After more than a decade of fighting for higher pay, the Dallas Cowboys cheerleaders have scored a major win.
Season two of Netflix’s blockbuster series “America’s Sweethearts,” which premiered Wednesday, culminates in the announcement that the cheerleaders will be getting a massive 400 percent pay raise. The increase came after behind-the-scenes work from a handful of cheerleaders on the team who advocated for raises throughout the 2024 season, building on movement that’s been going on since NFL cheerleaders first began to sue their teams over low wages more than a decade ago.
Cheerleader Jada McLean told the New York Times that veterans will be making more than $75 an hour, up from about $15 an hour in the 2024 NFL season. Pay structures for event appearance fees, such as community and charity events and performances outside of football games, are also changing. Previously, cheerleaders got $500 for each appearance with some variance depending on seniority. The specifics of the new contracts, however, were not revealed.
In season two of “America’s Sweethearts,” the cheerleaders talk openly of fighting for better pay and even consider staging a walkout to put pressure on team management.
“Our efforts were heard,” said cheerleader Megan McElaney, one of a handful that lead the charge for higher pay, in the show’s final episode. “I get emotional knowing that I was a part of that. Dancers are athletes. They have so much value.”
Kelli Finglass, the team’s director, then tells the team that they “moved some mountains this year that will forever change our organization and hopefully dancer organizations across the world.”
“That has been 60-plus years long overdue,” Finglass said on the show.
It’s a stark contrast from the docuseries’ first season, where pay was a footnote. Former Cowboys cheerleader Kat Puryear reveals her salary through 2022 was equivalent to that of “a substitute teacher” or a “Chick-fil-A worker that works full time.” Later on TikTok she added her job is a “full-time commitment, but part-time pay.”
But Dallas Cowboys Executive Vice President Charlotte Jones waved off the issue on the show: “There’s a lot of cynicism around pay for NFL cheerleaders, and as it should be — they’re not paid a lot. But the facts are they actually don’t come here for the money. They come here for something that’s actually bigger than that to them.”
Still, that one minute and 46 seconds of pay discussion in season one put the stadium lights back on an issue that had been percolating for years, ever since former Oakland Raiderette Lacy Thibodeaux Fields sued her team in 2014 alleging a violation of state minimum wage and labor laws.
For the 2014 season — nine hours a week in practice, another nine on game days and at least 10 community events per season — she said she earned barely $1,000. Her lawsuit was followed by more than a half dozen others on teams across the NFL, including from cheerleaders saying they were paid nothing at all for the work they did. Many had to pay out of pocket to fulfill stringent appearance requirements set by the teams.

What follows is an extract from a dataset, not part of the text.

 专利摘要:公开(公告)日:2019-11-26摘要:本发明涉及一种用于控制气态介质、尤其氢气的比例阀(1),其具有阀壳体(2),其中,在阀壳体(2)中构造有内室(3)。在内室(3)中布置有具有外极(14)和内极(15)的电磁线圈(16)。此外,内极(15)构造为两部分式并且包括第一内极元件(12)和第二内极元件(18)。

In Thibodeaux Fields’ lawsuit, she uncovers how her team required her to maintain a tan, a French manicure and her 103-pound frame. If she so much as strayed more than five pounds over, or forgot to bring her pom poms to practice, she would be fined. A separate lawsuit by former Buffalo Bills cheerleader Maria Pinzone detailed how cheerleaders were required to do jumping jacks in front of staff as they scrutinized their bodies. They were known as “jiggle tests.”
But all of the lawsuits filed over the past decade settled. And no big sea change came.

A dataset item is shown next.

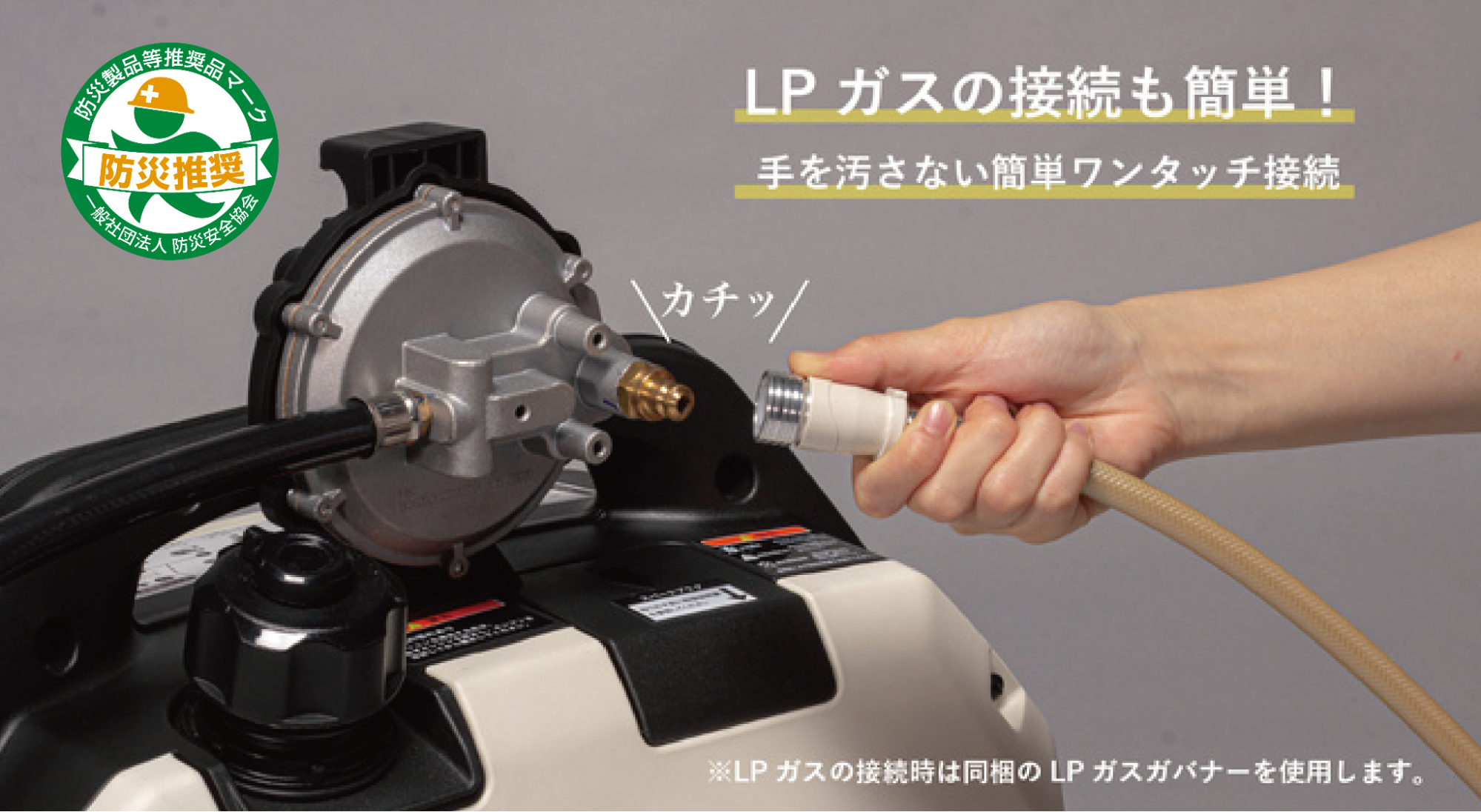【定格出力】 LPガス 1.53kVA / ガソリン 1.7kVA

Until pay came up again on “America’s Sweethearts.”
Suddenly, cheerleader pay was again being compared with football player pay (Cowboys quarterback Dak Prescott earns about $60 million) — and even mascot pay. In a 2018 lawsuit against the Cowboys, former cheerleader Erica Wilkins alleged she was paid $16,500 in her final year with the team while the mascot, Rowdy, who was played by a man, earned $65,000 a year.

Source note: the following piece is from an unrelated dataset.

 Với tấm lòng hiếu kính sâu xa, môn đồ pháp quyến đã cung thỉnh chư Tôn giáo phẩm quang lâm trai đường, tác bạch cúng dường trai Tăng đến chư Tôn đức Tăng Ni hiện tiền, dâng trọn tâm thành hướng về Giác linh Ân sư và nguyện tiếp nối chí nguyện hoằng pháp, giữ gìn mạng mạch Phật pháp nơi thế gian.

The series, which documented the hours and hours they practiced while holding down full-time jobs, also made it harder to make the case that the job was a fun, voluntary side gig for the cheerleaders. Now, change for the Cowboys cheerleaders, who more than 50 years ago set the cheerleading standard that all teams now follow, could trickle to other teams.
“I think this will put pressure on other teams to follow suit,” said Dave Berri, the co-author of “Slaying the Trolls! Why the Trolls are Very, Very Wrong About Women and Sports,” which dedicates a chapter to cheerleaders. But he cautions; “Because women have historically been paid so poorly in sports, massive increases in pay still don’t bring women to what they are worth.”
Watching the pay discussion unfold over the years since she started the conversation, Thibodeaux Fields told The 19th last year that she was hopeful that every effort made in a decade-plus of advocacy would one day lead to this.
On Wednesday morning after the news broke she wrote: “I’m thrilled to hear this news. Artistic talents and hard work should always be well paid. This is a well deserved raise!”
McLean, who led the push inside the organization, will never get to experience the higher pay she fought for, but, as she concludes on the show: “I’m proud of those of us who sparked the fire.”